O primeiro, identificado como Amiram Ben-Uliel, um jovem ultra-ortodoxo e ultra-nacionalista de 21 anos proveniente de Jerusalém, foi acusado de três homícidios. O segundo é um menos, cuja identidade não foi revelada, e que foi acusado de complicidade no crime.

A procuradora Rachel Avisar Abeles explicou que outros dois membros do mesmo grupo extremista judaico a que pertencia Ben-Uliel foram acusados por outros incidentes de violência contra palestinianos.

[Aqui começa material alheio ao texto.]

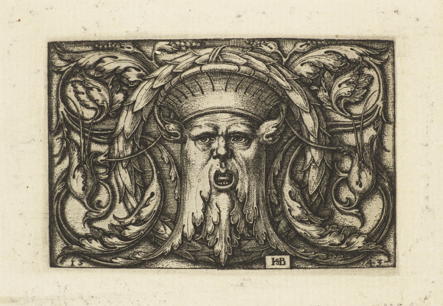 Die Querfüllung mit der Maske. 1543. Kupferstich auf Bütten. 7,5 x 10,5 cm (16 x 24 cm). In der Platte monogrammiert und datiert. Ganzflächig auf Papier aufgezogen.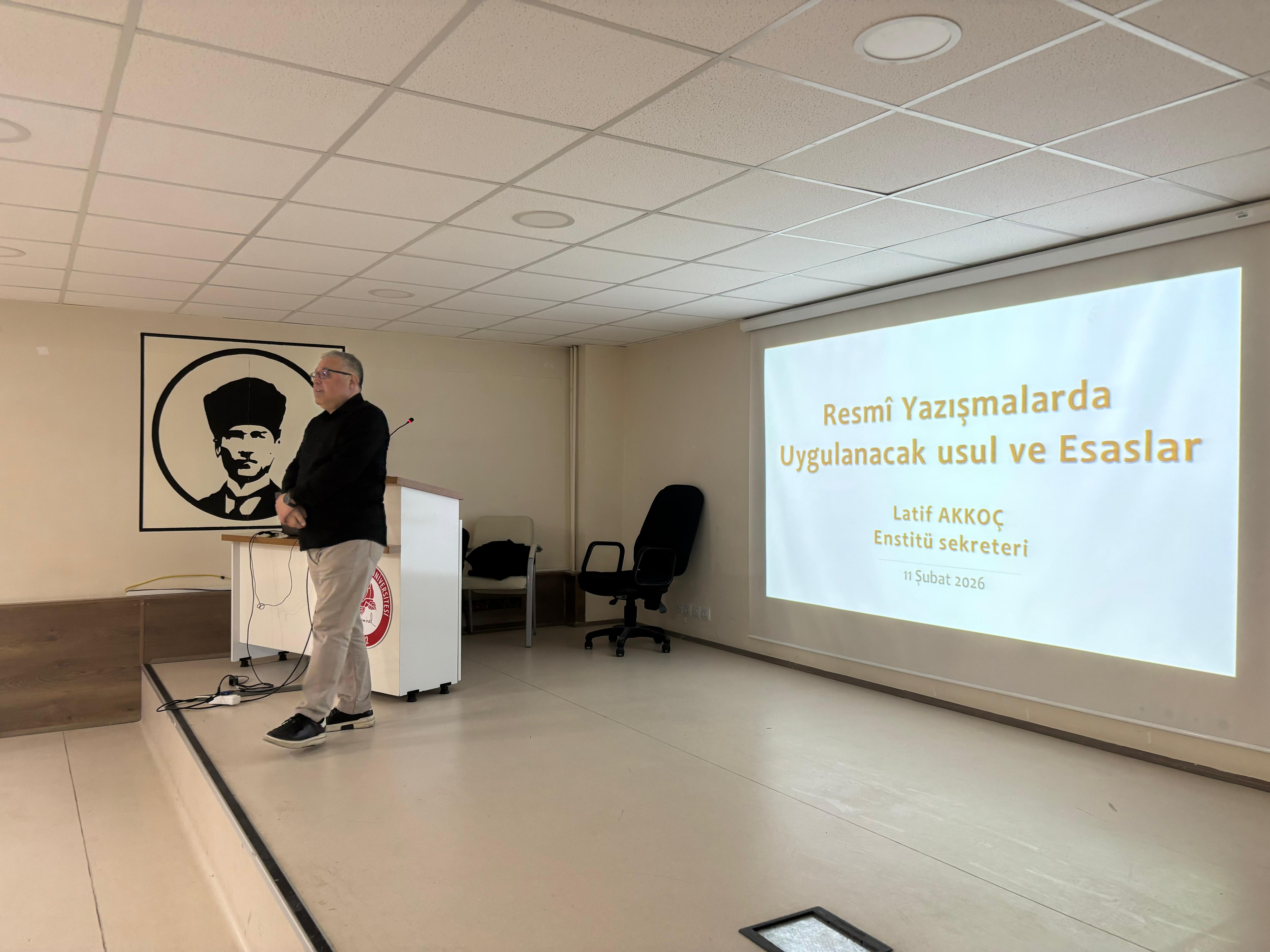 Fakültemizde görev yapan idari personele 10 Şubat 2026 tarihinde Öğr. Gör. Hatice MESCİ ve 11 Şubat 2026 tarihinde Latif AKKOÇ tarafından "Resmî Yazışma Kuralları" başlıklı eğitim verildi. Eğitim fakültemiz Türker Taşaltın Konferans Salonu'nda gerçekleştirdi. Eğitim sonunda konuşmacılara teşekkür belgeleri takdim edildi.

O fogo posto de julho do ano passado resultou na morte de Saad Dawabsheh, da mulher e de um bebé de 18 meses.

O irmão de Saad, Naser Dawabsheh, diz que “os tribunais de Israel estão agora a ser testados, para ver se desta vez são capazes de uma verdadeira Justiça para os palestinianos, ainda que seja uma única vez”.

Os avogados dos acusados denunciam tortura por parte dos serviços secretos israelitas para obter as confissões dos crimes.

A morte da família Dawabsheh provocou uma vaga de indignação em Israel, particularmente depois da divulgaçao de um vídeo
no qual elementos do grupo extremista a que pertenciam os alegados atacantes parece festejar a morte do bebé.